*TASK DESCRIPTION*. There are pictures in the records below; leave them out and set down exactly the lines from the one holding "Shane's World line" through the one holding "Figure 7. Monthly".

*INPUT FOR THIS TASK*.
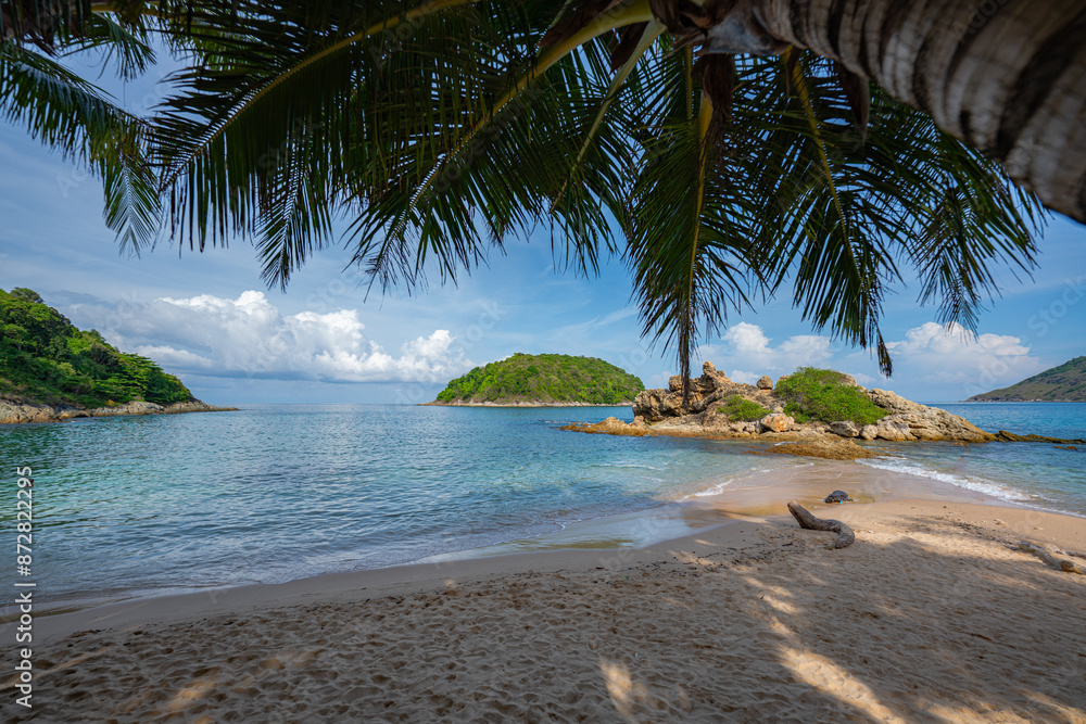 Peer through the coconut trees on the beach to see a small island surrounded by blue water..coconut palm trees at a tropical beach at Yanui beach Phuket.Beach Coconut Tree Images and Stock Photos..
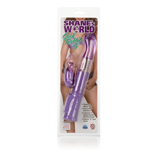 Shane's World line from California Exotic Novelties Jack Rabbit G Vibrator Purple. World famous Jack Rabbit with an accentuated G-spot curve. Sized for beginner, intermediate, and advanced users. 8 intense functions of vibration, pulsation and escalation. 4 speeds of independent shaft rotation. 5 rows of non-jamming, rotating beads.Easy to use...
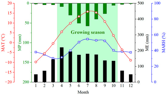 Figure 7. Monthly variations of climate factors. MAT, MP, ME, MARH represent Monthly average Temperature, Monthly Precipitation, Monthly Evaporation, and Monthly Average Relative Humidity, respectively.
* * *
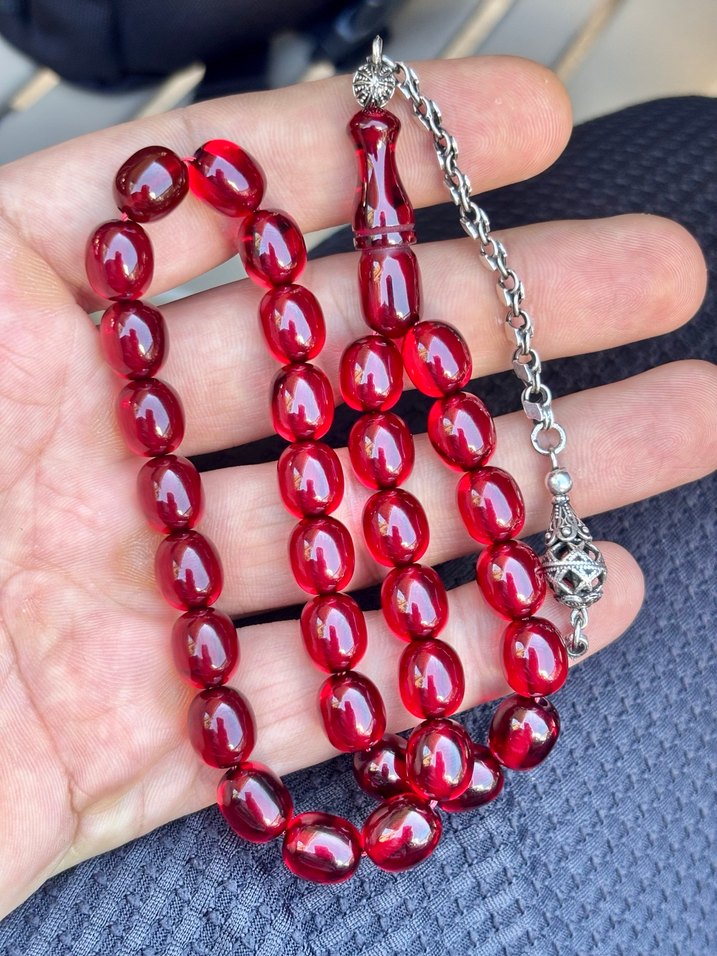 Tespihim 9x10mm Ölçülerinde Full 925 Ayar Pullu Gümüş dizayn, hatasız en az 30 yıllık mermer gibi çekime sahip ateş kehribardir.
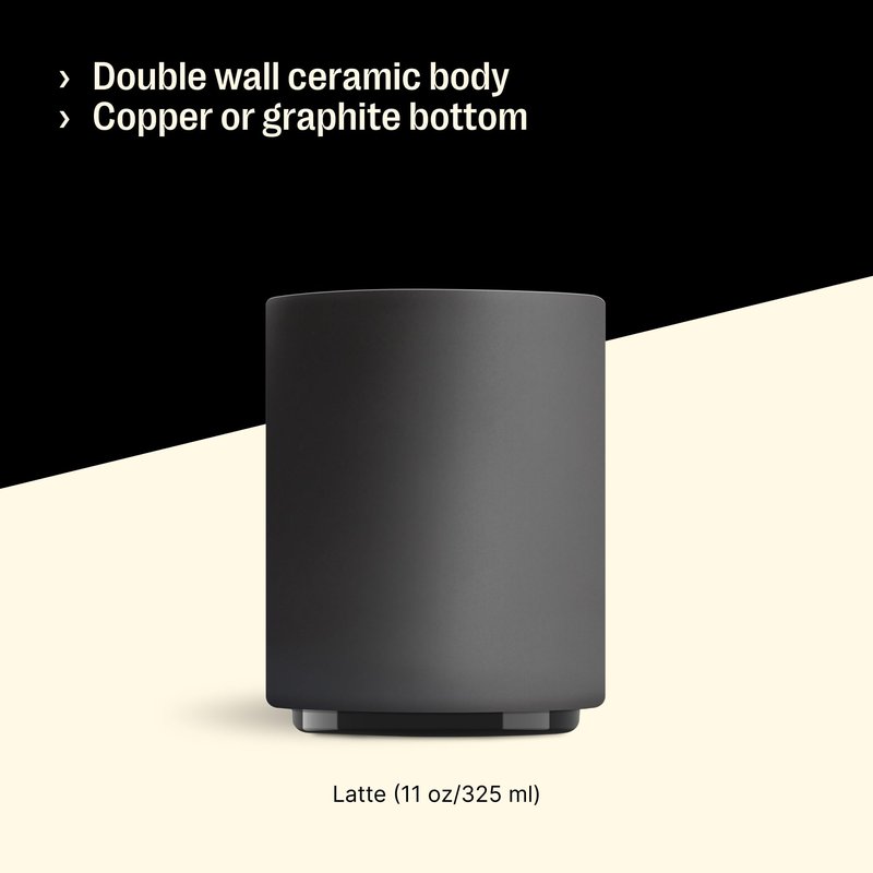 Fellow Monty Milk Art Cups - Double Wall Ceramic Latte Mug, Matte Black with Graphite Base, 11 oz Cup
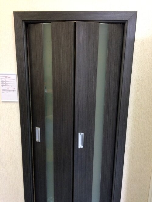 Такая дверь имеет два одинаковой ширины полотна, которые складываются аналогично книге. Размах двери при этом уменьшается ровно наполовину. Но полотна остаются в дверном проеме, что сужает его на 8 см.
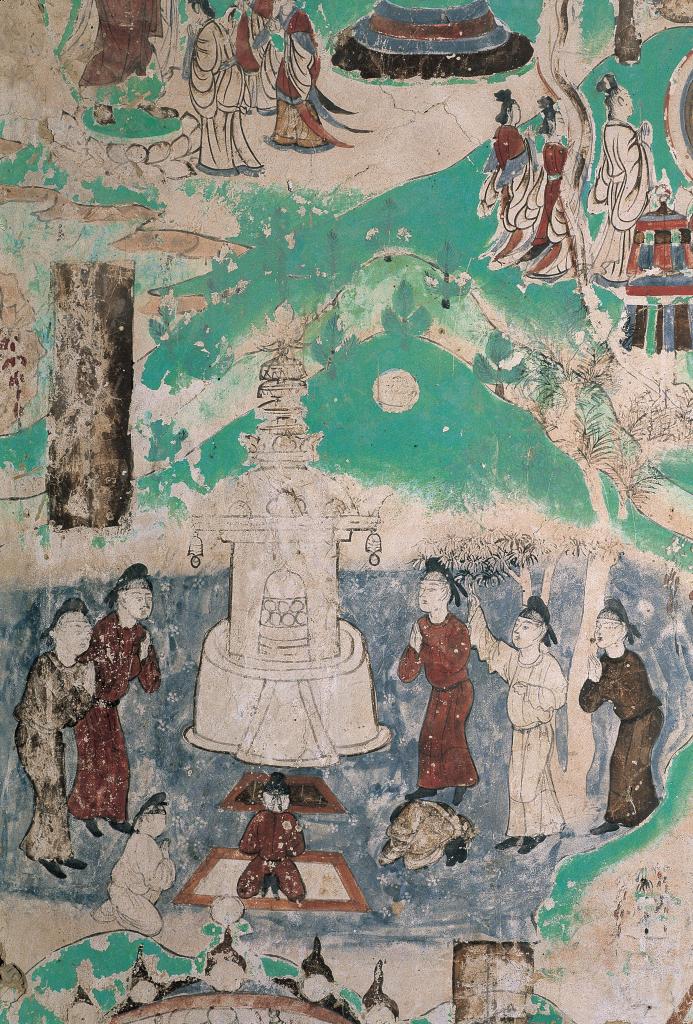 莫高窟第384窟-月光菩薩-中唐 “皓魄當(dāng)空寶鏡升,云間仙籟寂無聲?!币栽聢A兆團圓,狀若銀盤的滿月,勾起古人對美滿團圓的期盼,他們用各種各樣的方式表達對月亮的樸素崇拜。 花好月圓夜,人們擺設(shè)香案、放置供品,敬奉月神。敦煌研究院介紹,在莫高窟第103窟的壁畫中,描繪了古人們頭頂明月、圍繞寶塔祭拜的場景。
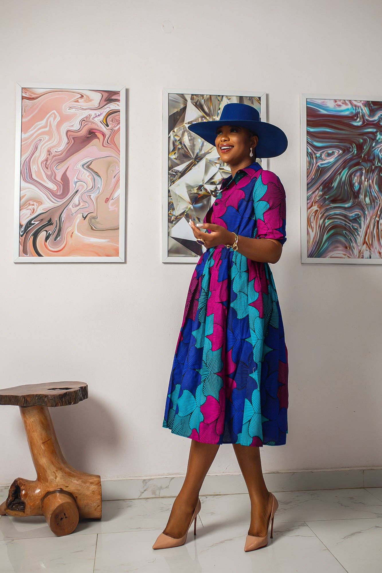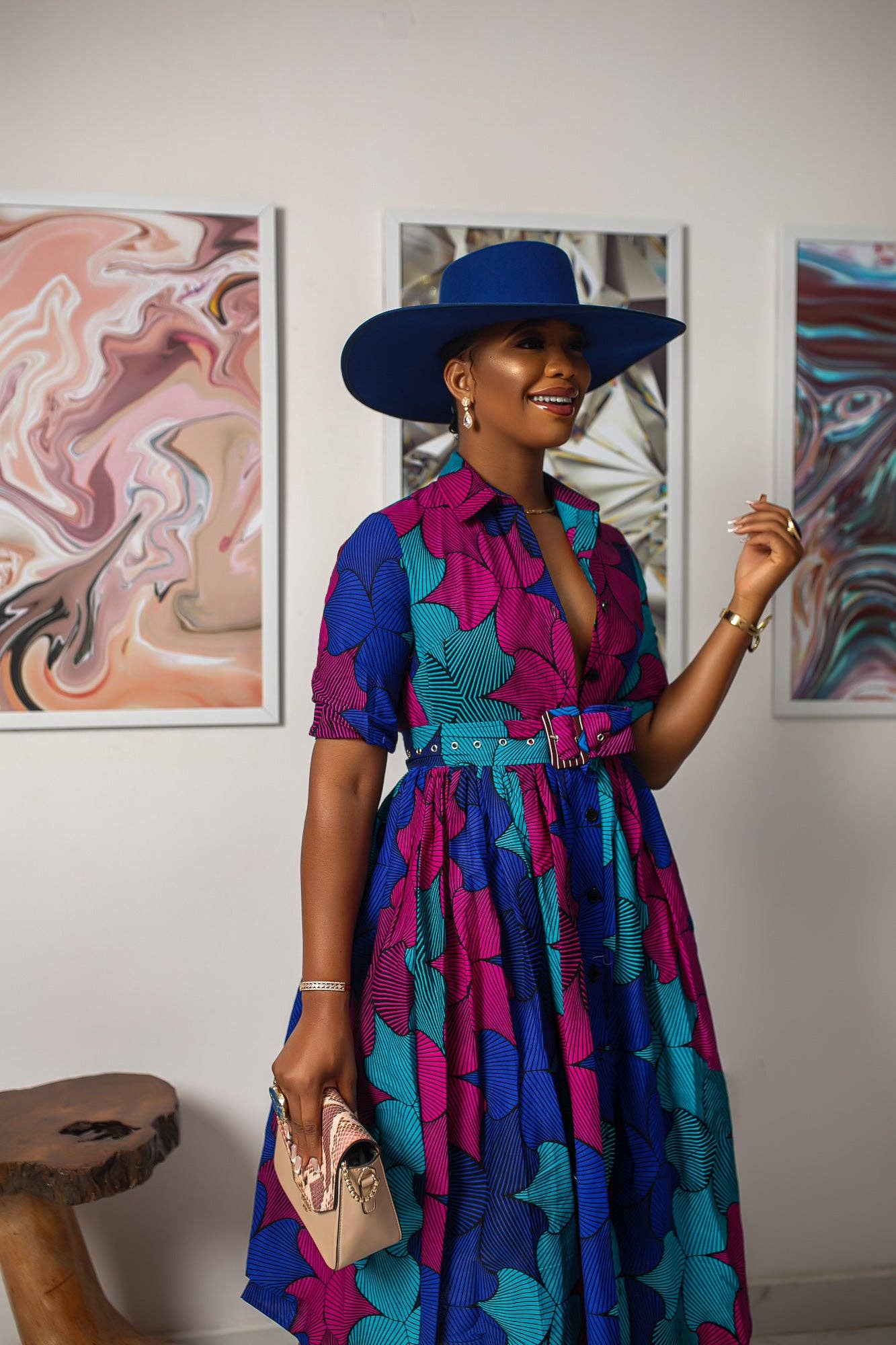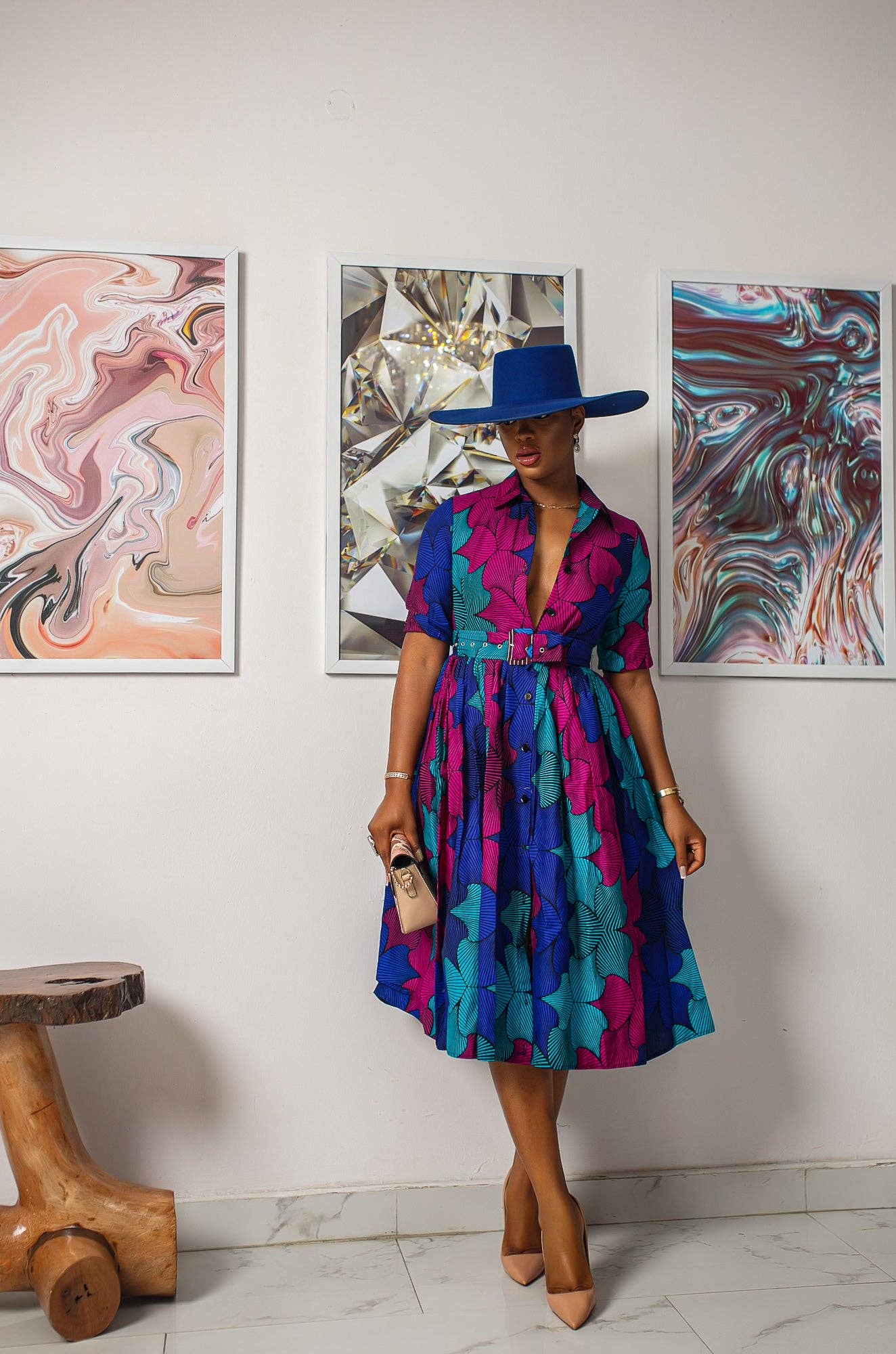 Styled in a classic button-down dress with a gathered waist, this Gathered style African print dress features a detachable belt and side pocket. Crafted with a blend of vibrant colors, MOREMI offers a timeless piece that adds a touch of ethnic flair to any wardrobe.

*ANSWER TO THIS EXERCISE*.
 Shane's World line from California Exotic Novelties Jack Rabbit G Vibrator Purple. World famous Jack Rabbit with an accentuated G-spot curve. Sized for beginner, intermediate, and advanced users. 8 intense functions of vibration, pulsation and escalation. 4 speeds of independent shaft rotation. 5 rows of non-jamming, rotating beads.Easy to use...
 Figure 7. Monthly variations of climate factors. MAT, MP, ME, MARH represent Monthly average Temperature, Monthly Precipitation, Monthly Evaporation, and Monthly Average Relative Humidity, respectively.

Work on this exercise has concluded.